Os enxertos foram feito nas coxas e abdômen da adolescente. Ela ainda passará por outras cirurgias para fazer o mesmo procedimento nas costas e braços. Ainda não há previsão de quando elas devem acontecer.

“Ela está evoluindo bem. O sentimento é de gratidão a Deus, pois a recuperação tem sido significativa”, disse a mãe.

Diolange Lopes e a filha, Annelise Lopes, que teve corpo queimado durante experimento — Foto: Diolange Lopes/Arquivo Pessoal
Diolange Lopes e a filha, Annelise Lopes, que teve corpo queimado durante experimento — Foto: Diolange Lopes/Arquivo Pessoal

A estudante já está internada há 44 dias, dos quais 24 foram na UTI. “Não tem sido fácil para mim, porém seguimos firme e confiante em Deus”, completou Diolange.

Annelise também está fazendo fisioterapia. Em um vídeo, ela aparece até dançando no corredor do hospital enquanto faz os exercícios.

Explosão

O acidente aconteceu em 30 de novembro de 2021. Annelise e mais três estudantes se reuniram em uma sala do Colégio Heli Alves, onde estuda, para fazer o experimento chamado de “fogo invisível”, segundo a mãe. A Polícia Civil investiga o caso.

Coordenador do colégio em que a explosão aconteceu, Marcos Gomes explicou, à época do acidente, que os alunos do 2º ano do ensino médio estavam com aulas remotas e pediram para ir à escola para gravar o experimento de física e química.

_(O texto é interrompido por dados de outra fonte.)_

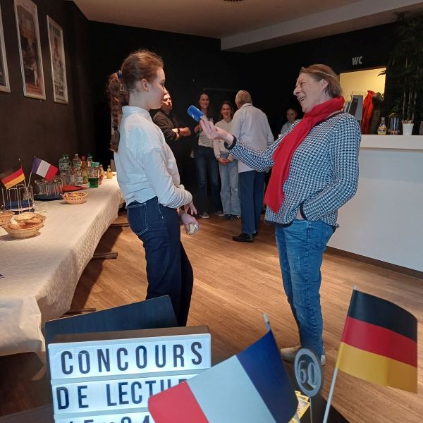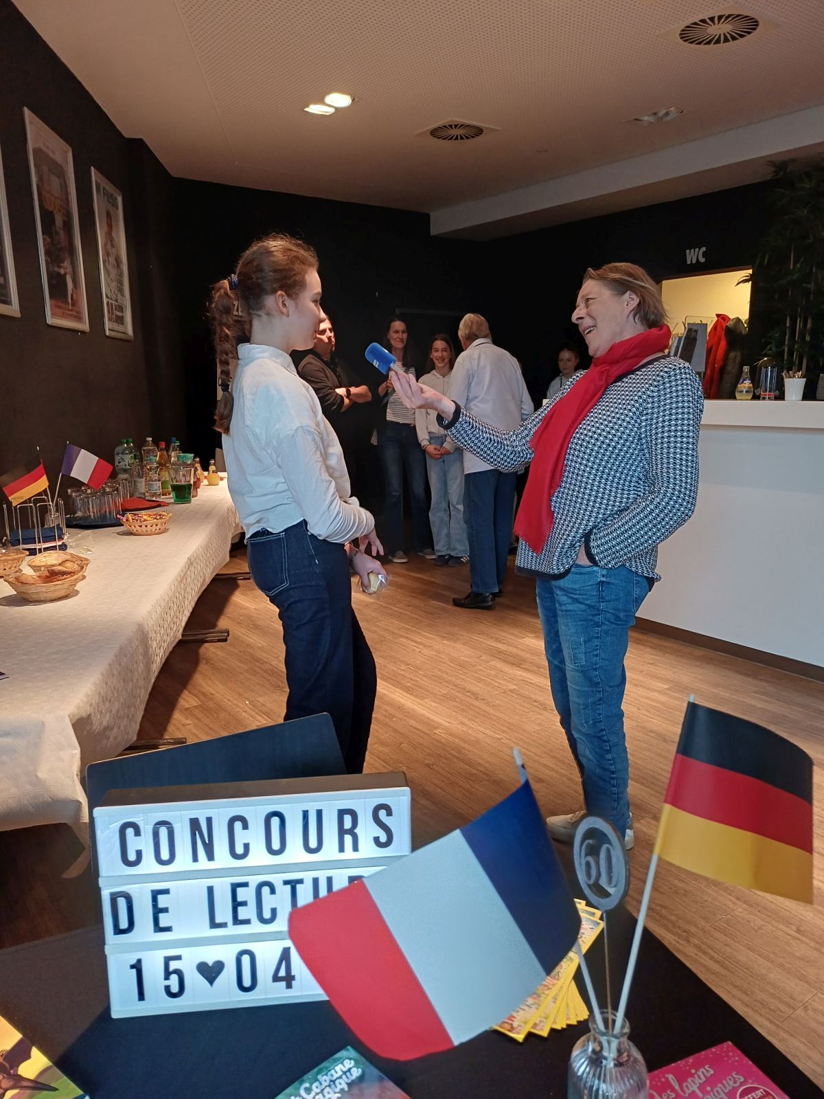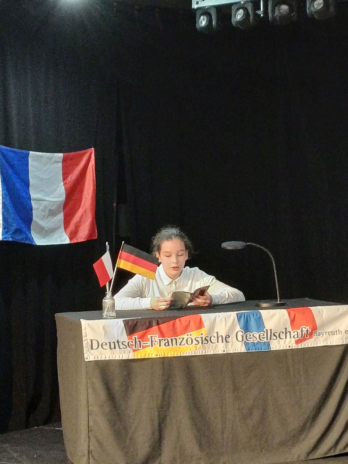Auch dieses Jahr waren die Französisch lernenden Schülerinnen und Schüler der 8. Jahrgangsstufen der Bayreuther und Pegnitzer Gymnasien, der Gesamtschule Hollfeld sowie der 9. Jahrgangsstufe der beiden Bayreuther Realschulen dazu aufgerufen, ihr Können in einem Vorlesewettbewerb zu messen. Dieser fand am 15.4.26 am Nachmittag in der Kleinkunstbühne des Zentrums statt. Der Kurs 8cde des MWG schickte die Schülerin Elina Stannow ins Rennen. Elina suchte ein Kapitel aus der Lektüre „Opération cadeau“ von Anne-Marie Le Plouhinec aus, überlegte sich einige einführende Sätze und trug ihren Text vor einer fünfköpfigen französischen Jury souverän vor. In der 2. Runde mussten die drei angetretenen Schülerinnen des MWG, des GMG und des Gymnasiums Pegnitz sowie der Schüler des WWG einen recht schwierigen unbekannten Text vorlesen, den die Jury ausgewählt hatte. Überbrückt wurden die Beratungspausen der Jury durch Einblicke in die Arbeit und die Termine der DFG im Jubiläumsjahr der Partnerschaft zwischen Bayreuth und Annecy, insbesondere aber durch ein liebevoll erstelltes Buffet mit französischen Spezialitäten. Es gab das grüne Getränk Diabolo menthe, Madeleines, französische Kekse, Karamellstangen der Marke Carambar, so dass auch hier vor allem im Zusammenhang mit der tollen Dekoration für französisches Ambiente gesorgt wurde. Elina gewann mit ihrem lebendigen Vortragsstil den 2. Platz, Siegerin wurde die Schülerin des GMG. Félicitations, Elina!

Segundo ele, os estudantes foram autorizados a usar uma sala para gravação, mas não avisaram que usariam álcool e nenhum professor ou monitor acompanhava a situação.

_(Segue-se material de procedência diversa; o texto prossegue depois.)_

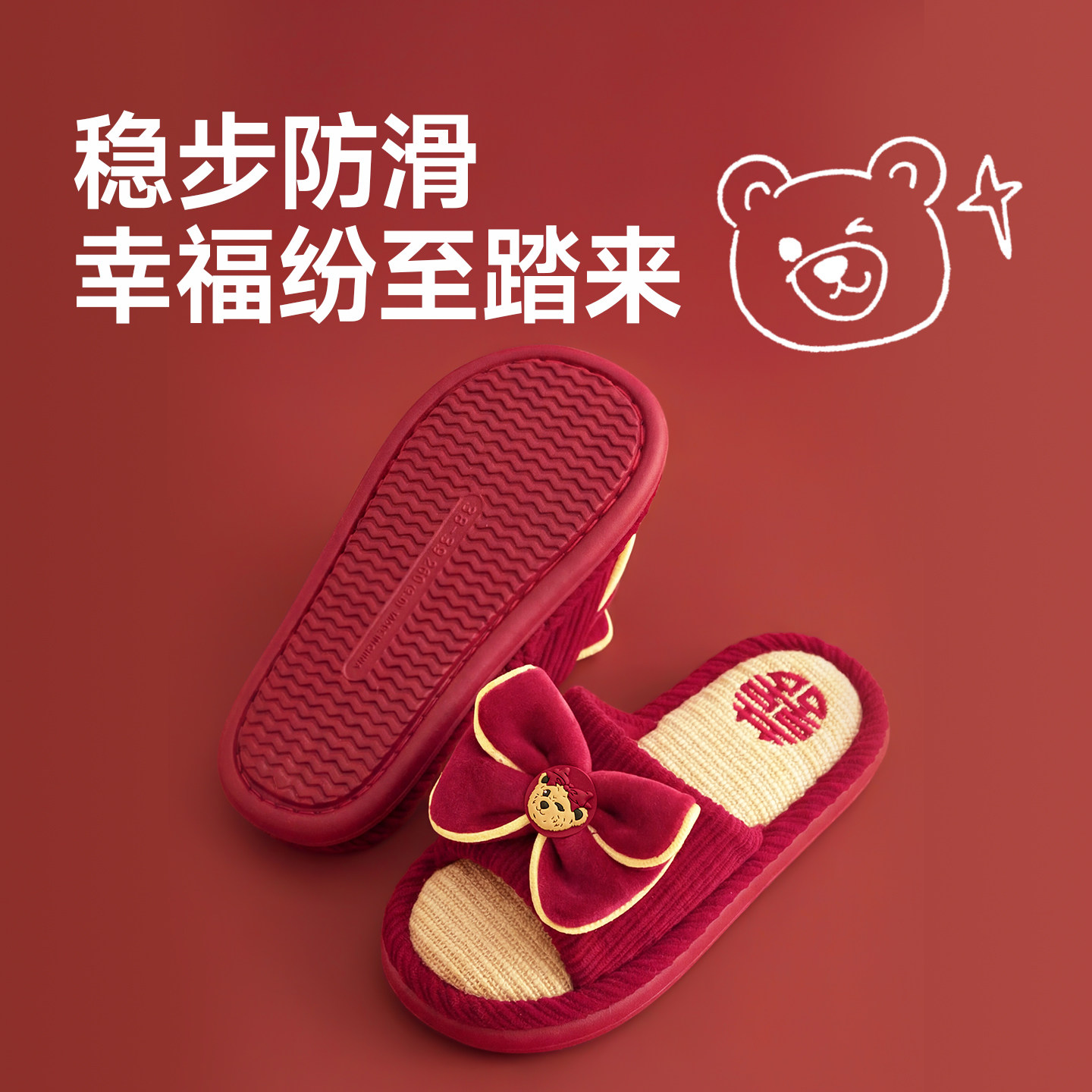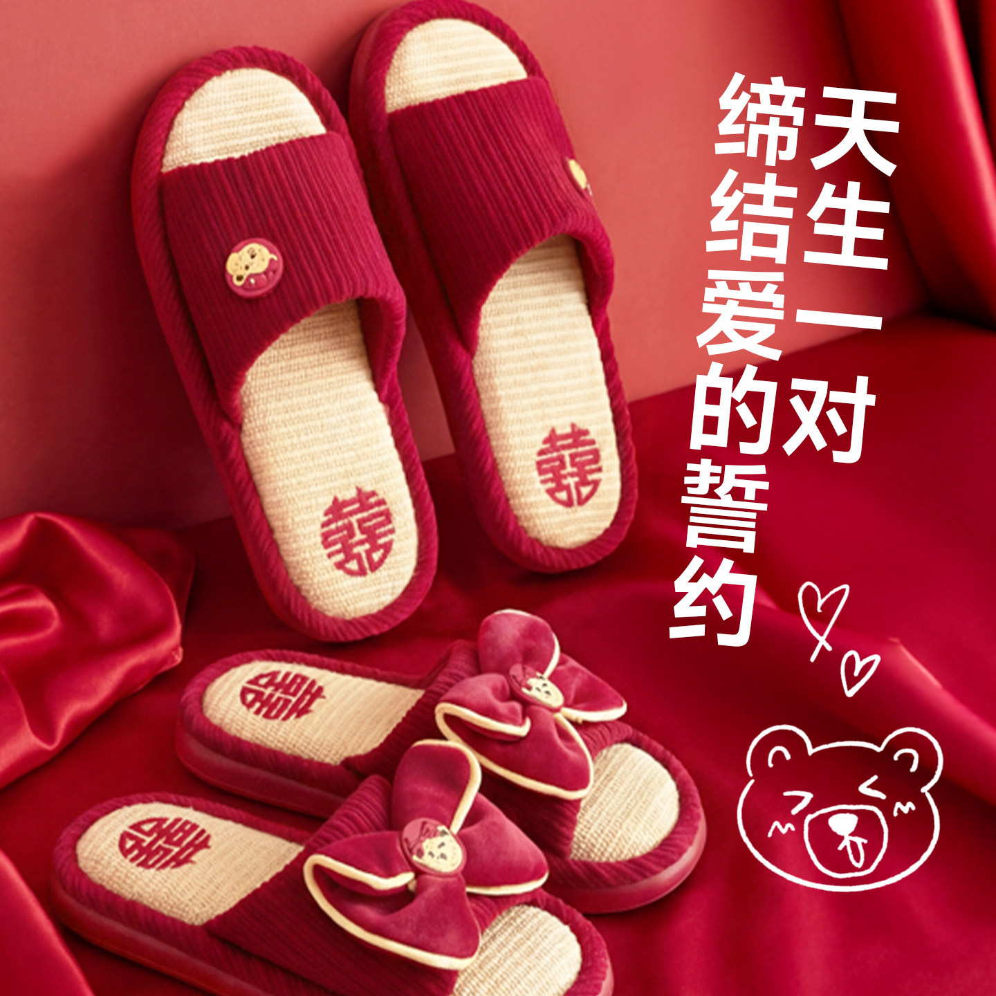 TeenieWeenie红色婚庆情侣拖鞋居家室内结婚喜庆一对鞋子新娘陪嫁

“Eles disseram que iriam gravar uma apresentação, mas não explicaram o que iriam fazer. Eles disseram que colocaram fogo ao álcool, mas que acharam que não tinha pego. Por isso, foram colocar mais [álcool] e houve essa explosão”, detalhou o coordenador.

De acordo com o coordenador, Annelise foi a única que se machucou. Ele disse que funcionários da escola ouviram os gritos e levaram a estudante para o chuveiro até que a chegada dos bombeiros.